Мужики пошли за дровами, запалили огонь. Алфёрова жена и Фиска засуетились у котла. Осташа вырезал из лещины удилище, высучил из рукава нитку, отцепил от шапки крючок и забрался на камень порыбачить. Затихшая река, подёрнутая тонким прозрачным дымком, в темноте казалась даже чуть выпуклой.
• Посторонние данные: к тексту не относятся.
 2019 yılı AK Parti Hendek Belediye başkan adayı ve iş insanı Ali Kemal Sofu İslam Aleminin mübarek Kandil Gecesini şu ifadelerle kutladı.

Сзади подошёл Алфёр.
– Дозволишь присоседиться, Петрович? – негромко спросил он.
– Садись, камень не казённый.
Алфёр присел рядом, долго глядел на неподвижный берестяной поплавок-бабашку, словно вплавленный в блестящую воду.
– Что, Петрович, не сложилось у тебя дело с Кононом? – спросил наконец Алфёр. – В Ревде все рассказывают, как Конон в тебя костылём кинул…
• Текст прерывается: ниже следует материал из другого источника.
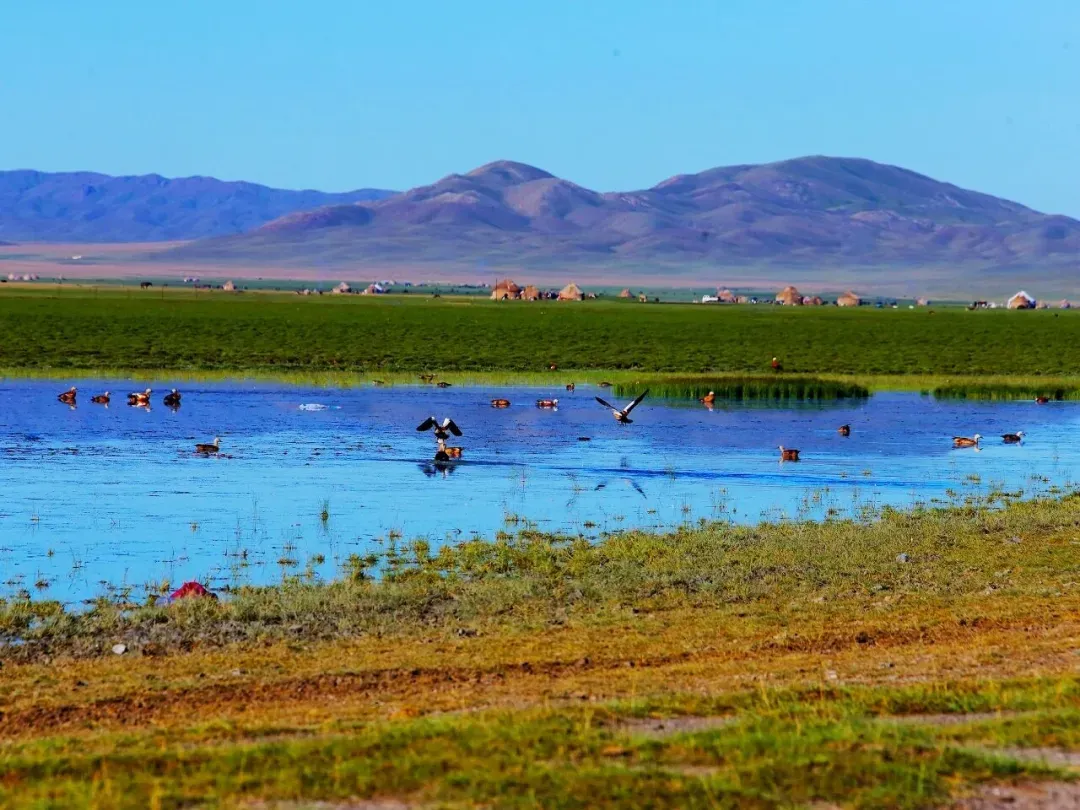 沙孜湖似一条淡蓝色的绸带,柔美秀丽,牛羊如云,毡房点点,来这里,可以充分体验回归自然的浪漫情怀。

– Сам видишь: ты на скамейке, я на кочетка́х.
– Меня хоть и взяли, но я не от того тебе скажу – к лучшему это, – вдруг произнёс Алфёр. – Не думай, на Чусовой не все верят, что Переход барку убил и казну украл.
– Да мне уж и разницы нет, чему верят, чему не верят, – зло ответил Осташа, дёргая лесу.
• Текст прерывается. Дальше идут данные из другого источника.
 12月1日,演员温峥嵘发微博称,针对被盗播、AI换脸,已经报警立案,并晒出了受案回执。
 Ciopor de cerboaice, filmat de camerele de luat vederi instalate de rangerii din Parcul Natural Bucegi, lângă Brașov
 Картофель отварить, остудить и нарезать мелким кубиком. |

– Это не ты, это обида твоя говорит. Я тебе не враг, не соперник. Меня батюшка в смирении, в уважительности воспитывал. На Чусовой всем места хватит. Ты послушай…
– Ну, слушаю, – согласился Осташа.
– Если ты хочешь сплавщиком стать, тебе не имя Перехода обелять надо, а в Кононов толк перекинуться… Все сплавщики, что под Кононом, – в его толке…
– Истяжлецы, что ли? Новые-то?
– Да они не новые… У нас в Сулёме до Весёлых гор близко, мы про них многое знаем, чего дальше не расходится. Истяже́льство ещё старец Иова, давно покойный, завёл, и у него в послушниках Про́нчище Метёлкин был – слышал о нём?
– Это который с Дегтярских рудников? Он после Пугача тоже себя Петром Фёдоровичем объявлял, только разгуляться ему не дали, сразу схватили и в Екатеринбурге повесили, да?
– Он. Только по толку истяжельческому он и вправду Петром Фёдоровичем был…
– Не много ли Петров Фёдоровичей-то? И Пугачёв, и Метёлкин, и Богомолов на Волге? Как ещё Андреян Плотников, Золотой Атаман, себя царём не назначил-то?..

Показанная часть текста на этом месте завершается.